◆ EXERCISE
A verbatim reproduction of the lines below, from the line containing "下午4时左右,由上海交通大学" through the line containing "Chiz character from", both ends included, is the whole required output.

◆ MATERIAL TO PROCESS
+---+

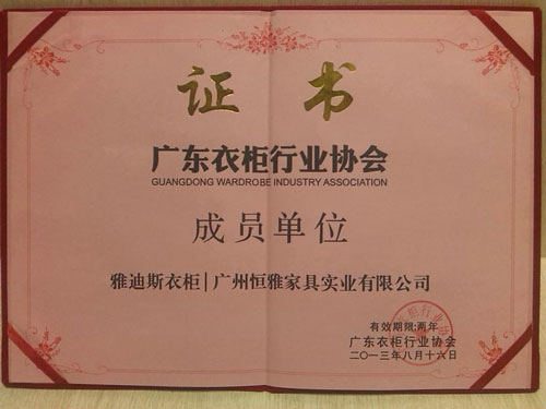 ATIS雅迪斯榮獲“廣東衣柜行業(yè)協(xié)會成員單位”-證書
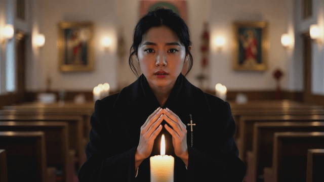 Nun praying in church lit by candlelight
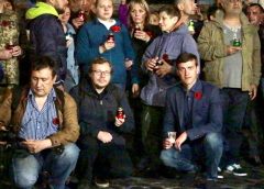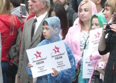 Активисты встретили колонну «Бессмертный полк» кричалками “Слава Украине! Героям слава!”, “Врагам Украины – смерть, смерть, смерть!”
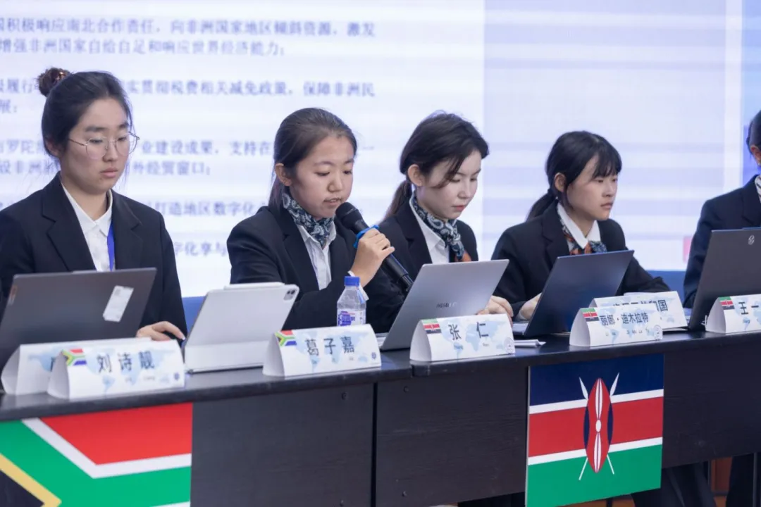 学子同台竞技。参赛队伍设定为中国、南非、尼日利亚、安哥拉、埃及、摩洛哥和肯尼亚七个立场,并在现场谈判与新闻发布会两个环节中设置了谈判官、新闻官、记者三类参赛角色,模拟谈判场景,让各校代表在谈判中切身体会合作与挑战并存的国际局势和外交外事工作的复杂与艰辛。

+---+

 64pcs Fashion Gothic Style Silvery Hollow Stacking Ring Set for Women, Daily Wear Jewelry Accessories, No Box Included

+---+

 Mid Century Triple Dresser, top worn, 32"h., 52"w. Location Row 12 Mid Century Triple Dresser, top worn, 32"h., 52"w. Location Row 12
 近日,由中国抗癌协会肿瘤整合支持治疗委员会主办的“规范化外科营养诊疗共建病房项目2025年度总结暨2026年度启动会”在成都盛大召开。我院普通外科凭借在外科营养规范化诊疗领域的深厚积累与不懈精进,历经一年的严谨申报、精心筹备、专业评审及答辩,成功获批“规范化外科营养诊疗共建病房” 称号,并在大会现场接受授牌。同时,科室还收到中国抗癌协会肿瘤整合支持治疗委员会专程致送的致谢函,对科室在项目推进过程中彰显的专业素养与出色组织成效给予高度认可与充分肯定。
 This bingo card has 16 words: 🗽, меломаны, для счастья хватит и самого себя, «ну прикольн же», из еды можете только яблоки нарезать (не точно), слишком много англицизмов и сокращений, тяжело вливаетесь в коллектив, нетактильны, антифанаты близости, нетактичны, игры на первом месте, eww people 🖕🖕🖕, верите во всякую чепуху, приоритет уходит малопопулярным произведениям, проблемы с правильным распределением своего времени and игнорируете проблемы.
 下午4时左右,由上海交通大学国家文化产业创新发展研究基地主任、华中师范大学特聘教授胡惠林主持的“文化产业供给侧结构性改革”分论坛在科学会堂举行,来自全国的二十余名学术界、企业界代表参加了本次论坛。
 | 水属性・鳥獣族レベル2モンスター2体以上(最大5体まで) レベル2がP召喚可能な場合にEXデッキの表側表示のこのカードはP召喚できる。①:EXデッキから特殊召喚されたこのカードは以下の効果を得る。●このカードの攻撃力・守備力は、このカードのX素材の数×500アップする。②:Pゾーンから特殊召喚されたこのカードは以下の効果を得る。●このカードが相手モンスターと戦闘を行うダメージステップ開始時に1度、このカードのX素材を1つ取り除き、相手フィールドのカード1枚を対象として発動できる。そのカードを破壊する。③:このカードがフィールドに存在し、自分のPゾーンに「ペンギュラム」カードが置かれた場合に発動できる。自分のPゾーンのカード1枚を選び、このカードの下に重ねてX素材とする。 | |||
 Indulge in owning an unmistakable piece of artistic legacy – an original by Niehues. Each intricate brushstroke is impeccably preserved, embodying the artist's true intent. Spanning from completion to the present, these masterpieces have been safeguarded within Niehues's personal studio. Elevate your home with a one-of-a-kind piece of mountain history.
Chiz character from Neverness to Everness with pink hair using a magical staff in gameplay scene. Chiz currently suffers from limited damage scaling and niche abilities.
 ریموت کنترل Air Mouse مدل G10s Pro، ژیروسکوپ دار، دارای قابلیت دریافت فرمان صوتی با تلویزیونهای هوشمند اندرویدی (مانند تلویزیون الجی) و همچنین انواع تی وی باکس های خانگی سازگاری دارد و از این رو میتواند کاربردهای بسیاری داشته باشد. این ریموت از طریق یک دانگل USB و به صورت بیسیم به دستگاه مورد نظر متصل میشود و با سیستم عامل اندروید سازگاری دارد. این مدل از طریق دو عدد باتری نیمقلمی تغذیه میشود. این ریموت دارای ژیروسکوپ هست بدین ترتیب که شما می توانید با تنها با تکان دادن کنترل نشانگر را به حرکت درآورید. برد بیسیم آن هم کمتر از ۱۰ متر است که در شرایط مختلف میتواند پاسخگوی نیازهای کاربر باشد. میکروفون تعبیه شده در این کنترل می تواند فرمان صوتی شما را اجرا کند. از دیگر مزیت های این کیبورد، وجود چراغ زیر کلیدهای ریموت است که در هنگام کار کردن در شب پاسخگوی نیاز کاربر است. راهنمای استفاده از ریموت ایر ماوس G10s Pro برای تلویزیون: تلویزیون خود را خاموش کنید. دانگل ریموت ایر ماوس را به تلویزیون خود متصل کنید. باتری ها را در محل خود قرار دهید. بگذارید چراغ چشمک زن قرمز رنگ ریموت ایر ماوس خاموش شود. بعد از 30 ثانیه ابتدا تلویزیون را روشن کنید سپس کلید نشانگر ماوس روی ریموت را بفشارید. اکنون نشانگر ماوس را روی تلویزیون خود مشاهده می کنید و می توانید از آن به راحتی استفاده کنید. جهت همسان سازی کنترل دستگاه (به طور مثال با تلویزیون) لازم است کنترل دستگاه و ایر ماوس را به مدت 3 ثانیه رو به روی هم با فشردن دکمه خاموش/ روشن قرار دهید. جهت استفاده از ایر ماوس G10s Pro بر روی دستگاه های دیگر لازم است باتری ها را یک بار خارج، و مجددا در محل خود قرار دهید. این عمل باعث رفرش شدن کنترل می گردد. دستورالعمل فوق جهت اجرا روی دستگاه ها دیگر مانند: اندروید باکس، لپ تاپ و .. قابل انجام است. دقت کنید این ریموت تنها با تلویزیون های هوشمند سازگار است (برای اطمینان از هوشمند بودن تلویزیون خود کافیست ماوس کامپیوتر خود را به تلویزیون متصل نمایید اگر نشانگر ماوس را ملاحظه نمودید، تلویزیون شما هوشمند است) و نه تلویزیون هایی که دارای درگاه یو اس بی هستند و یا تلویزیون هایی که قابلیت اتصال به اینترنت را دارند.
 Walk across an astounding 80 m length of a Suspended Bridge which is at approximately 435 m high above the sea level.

+---+

◆ RESULT OF THE TASK
 下午4时左右,由上海交通大学国家文化产业创新发展研究基地主任、华中师范大学特聘教授胡惠林主持的“文化产业供给侧结构性改革”分论坛在科学会堂举行,来自全国的二十余名学术界、企业界代表参加了本次论坛。
 | 水属性・鳥獣族レベル2モンスター2体以上(最大5体まで) レベル2がP召喚可能な場合にEXデッキの表側表示のこのカードはP召喚できる。①:EXデッキから特殊召喚されたこのカードは以下の効果を得る。●このカードの攻撃力・守備力は、このカードのX素材の数×500アップする。②:Pゾーンから特殊召喚されたこのカードは以下の効果を得る。●このカードが相手モンスターと戦闘を行うダメージステップ開始時に1度、このカードのX素材を1つ取り除き、相手フィールドのカード1枚を対象として発動できる。そのカードを破壊する。③:このカードがフィールドに存在し、自分のPゾーンに「ペンギュラム」カードが置かれた場合に発動できる。自分のPゾーンのカード1枚を選び、このカードの下に重ねてX素材とする。 | |||
 Indulge in owning an unmistakable piece of artistic legacy – an original by Niehues. Each intricate brushstroke is impeccably preserved, embodying the artist's true intent. Spanning from completion to the present, these masterpieces have been safeguarded within Niehues's personal studio. Elevate your home with a one-of-a-kind piece of mountain history.
Chiz character from Neverness to Everness with pink hair using a magical staff in gameplay scene. Chiz currently suffers from limited damage scaling and niche abilities.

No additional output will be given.